**Collected material:**
--*--

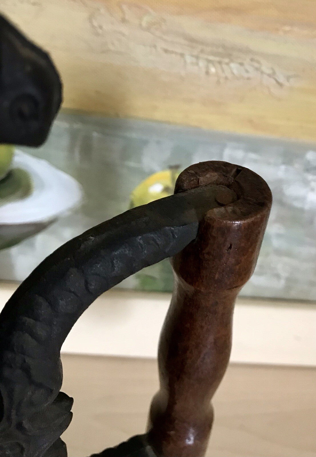 Kommodengriff präsentiert ein dekoratives vermutlich antikes altes Bügeleisen Kohlebügeleisen
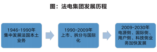 20世紀(jì)40年代,為了戰(zhàn)后重建,法國政府對(duì)電力行業(yè)實(shí)施國有化,組建了法電。1946年,法國將1450家私營的發(fā)、輸、配電公司及燃?xì)夤緡谢M建成法國電力公司。在法國電力工業(yè)發(fā)展初期,法電受政府要求集中力量開展水電、火電、核電、輸電建設(shè),迅速完成了資產(chǎn)、人才、技術(shù)、資源的原始積累。
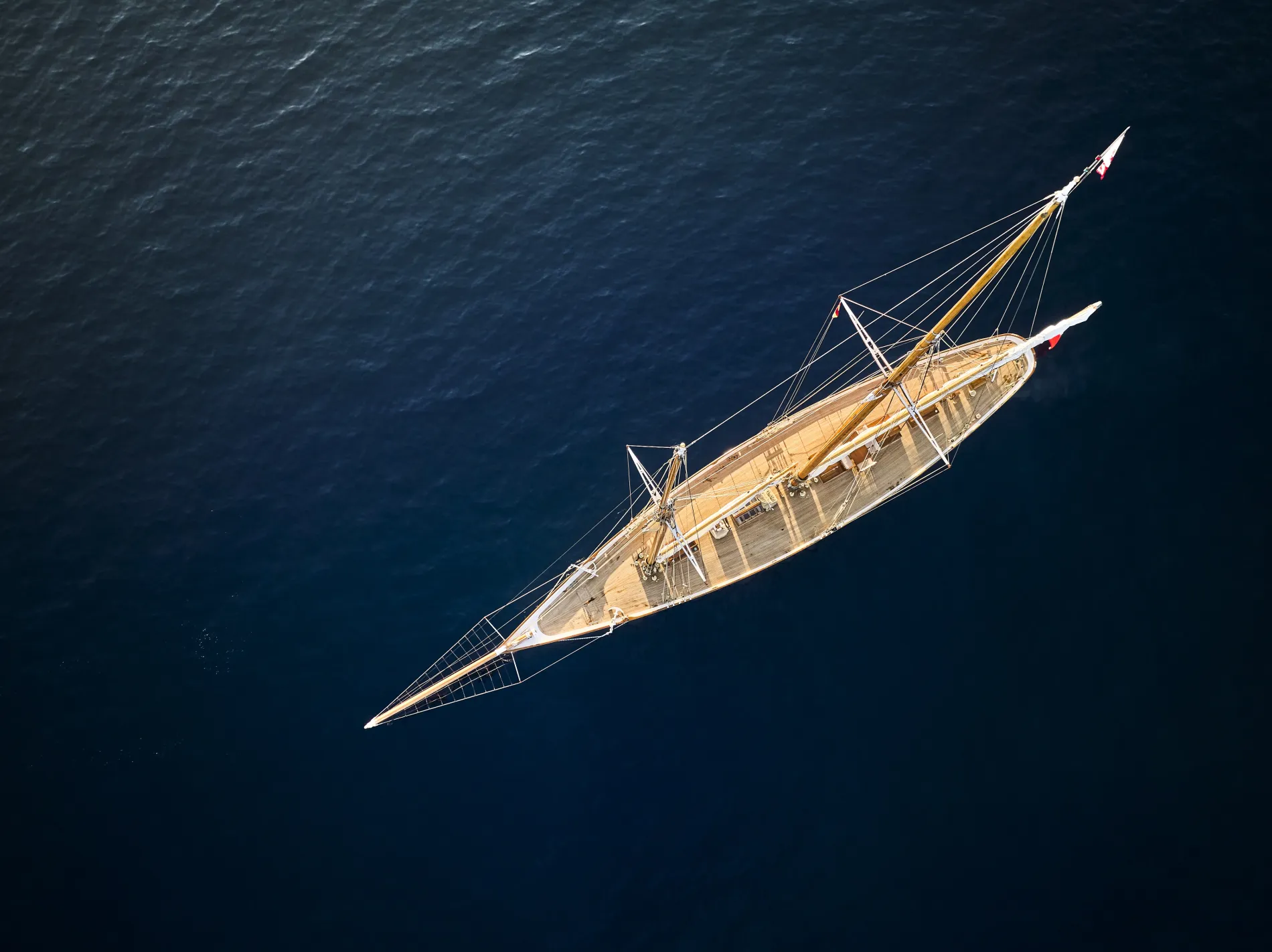 Elena’s expansive decks provide open areas for dining and relaxation, complemented by the commanding presence of her rig and spars, which come alive under sail.

--*--

**Your objective:**
Your answer must be an exact copy of the listing, with every picture omitted.

**Task solution:**
 Kommodengriff präsentiert ein dekoratives vermutlich antikes altes Bügeleisen Kohlebügeleisen
 20世紀(jì)40年代,為了戰(zhàn)后重建,法國政府對(duì)電力行業(yè)實(shí)施國有化,組建了法電。1946年,法國將1450家私營的發(fā)、輸、配電公司及燃?xì)夤緡谢M建成法國電力公司。在法國電力工業(yè)發(fā)展初期,法電受政府要求集中力量開展水電、火電、核電、輸電建設(shè),迅速完成了資產(chǎn)、人才、技術(shù)、資源的原始積累。
 Elena’s expansive decks provide open areas for dining and relaxation, complemented by the commanding presence of her rig and spars, which come alive under sail.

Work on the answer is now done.